◆ What to work on ◆
Within the entries below, please return exactly the lines from the one with "在发现页面可以查看文章排行榜和使用工具库功能" through the one with "雅安交建集團(tuán)項目", leaving out any pictures.

◆ Dataset ◆
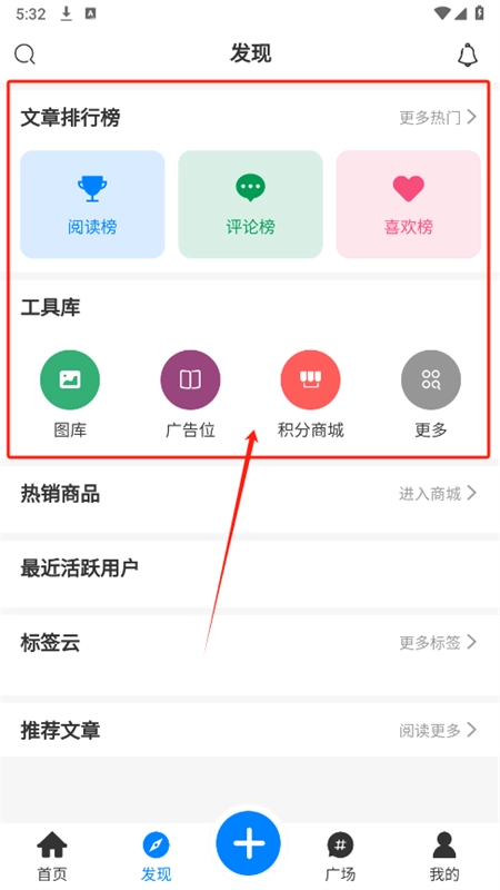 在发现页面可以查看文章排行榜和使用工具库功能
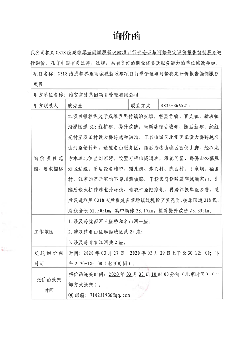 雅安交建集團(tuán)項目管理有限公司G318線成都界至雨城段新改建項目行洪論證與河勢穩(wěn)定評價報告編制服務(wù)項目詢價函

---

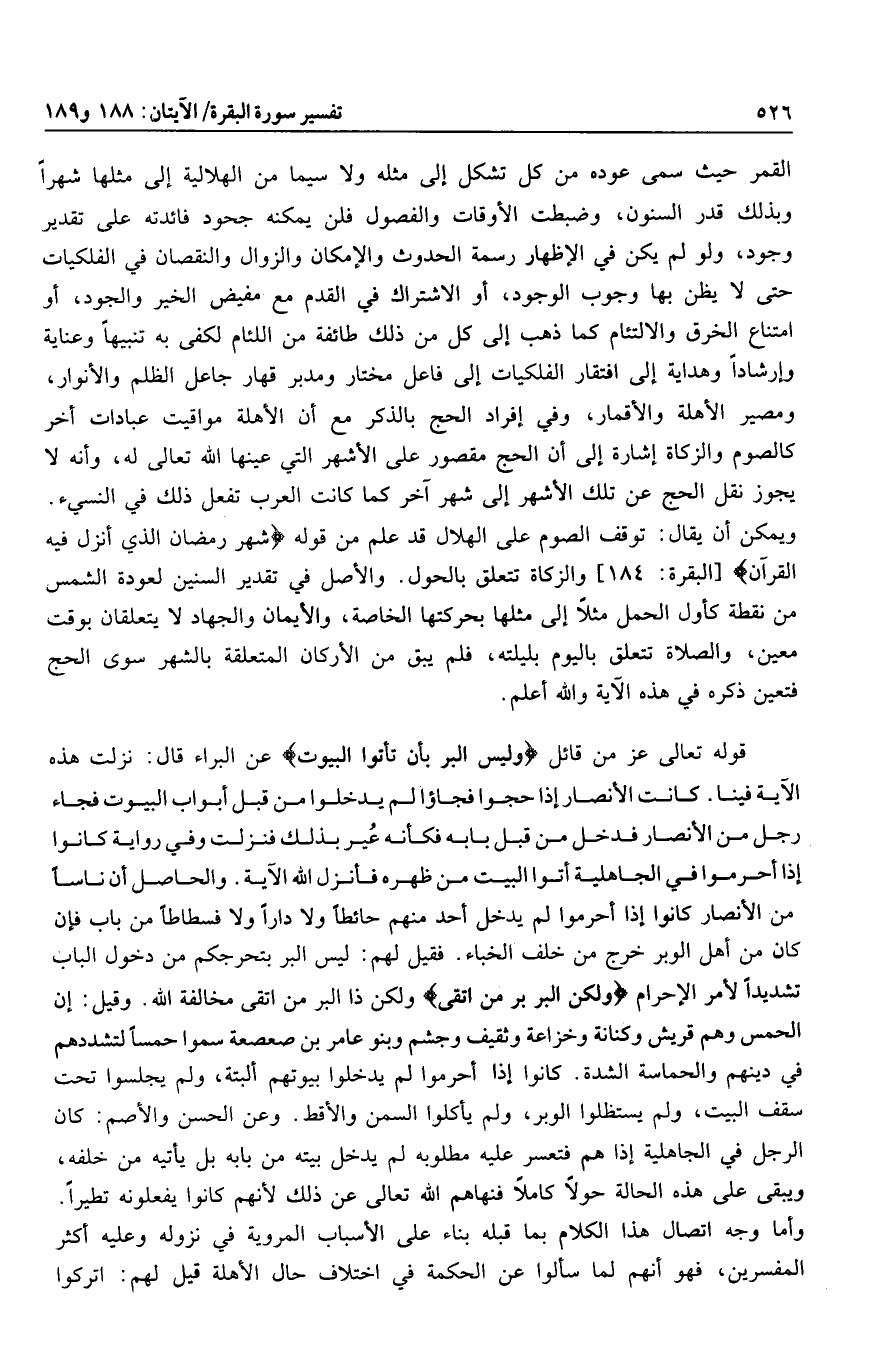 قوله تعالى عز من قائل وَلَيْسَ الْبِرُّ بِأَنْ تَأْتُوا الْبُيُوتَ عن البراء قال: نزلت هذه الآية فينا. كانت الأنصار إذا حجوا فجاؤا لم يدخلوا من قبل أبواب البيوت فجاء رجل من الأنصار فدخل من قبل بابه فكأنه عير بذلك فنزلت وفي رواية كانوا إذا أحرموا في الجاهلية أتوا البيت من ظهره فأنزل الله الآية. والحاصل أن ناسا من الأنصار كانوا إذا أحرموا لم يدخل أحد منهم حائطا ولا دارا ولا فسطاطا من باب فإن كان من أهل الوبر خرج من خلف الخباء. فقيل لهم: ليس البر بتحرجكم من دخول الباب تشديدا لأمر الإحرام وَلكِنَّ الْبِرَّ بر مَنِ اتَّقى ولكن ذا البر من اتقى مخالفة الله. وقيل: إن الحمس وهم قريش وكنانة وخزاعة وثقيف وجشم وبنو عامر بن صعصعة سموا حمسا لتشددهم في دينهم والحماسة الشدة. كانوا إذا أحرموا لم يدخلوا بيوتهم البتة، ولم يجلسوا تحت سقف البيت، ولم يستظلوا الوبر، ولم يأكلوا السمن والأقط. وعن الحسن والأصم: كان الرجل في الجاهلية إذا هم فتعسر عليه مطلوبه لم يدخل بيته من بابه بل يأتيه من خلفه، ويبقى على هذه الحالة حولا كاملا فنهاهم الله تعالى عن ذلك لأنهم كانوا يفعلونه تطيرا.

--

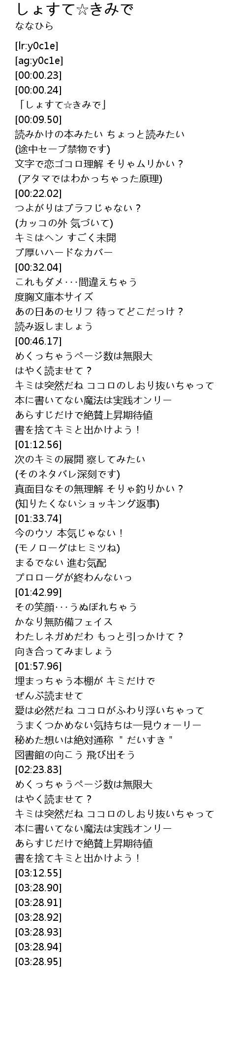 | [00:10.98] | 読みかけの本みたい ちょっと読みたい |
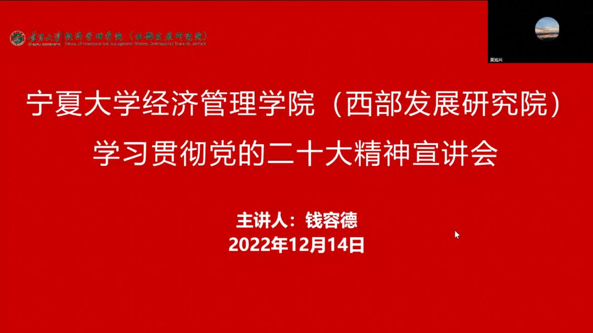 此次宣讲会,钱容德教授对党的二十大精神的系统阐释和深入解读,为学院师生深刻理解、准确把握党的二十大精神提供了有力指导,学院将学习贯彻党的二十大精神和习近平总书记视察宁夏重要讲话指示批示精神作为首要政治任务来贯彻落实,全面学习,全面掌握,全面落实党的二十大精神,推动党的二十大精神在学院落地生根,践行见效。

◆ Worked solution ◆
 在发现页面可以查看文章排行榜和使用工具库功能
 雅安交建集團(tuán)項目管理有限公司G318線成都界至雨城段新改建項目行洪論證與河勢穩(wěn)定評價報告編制服務(wù)項目詢價函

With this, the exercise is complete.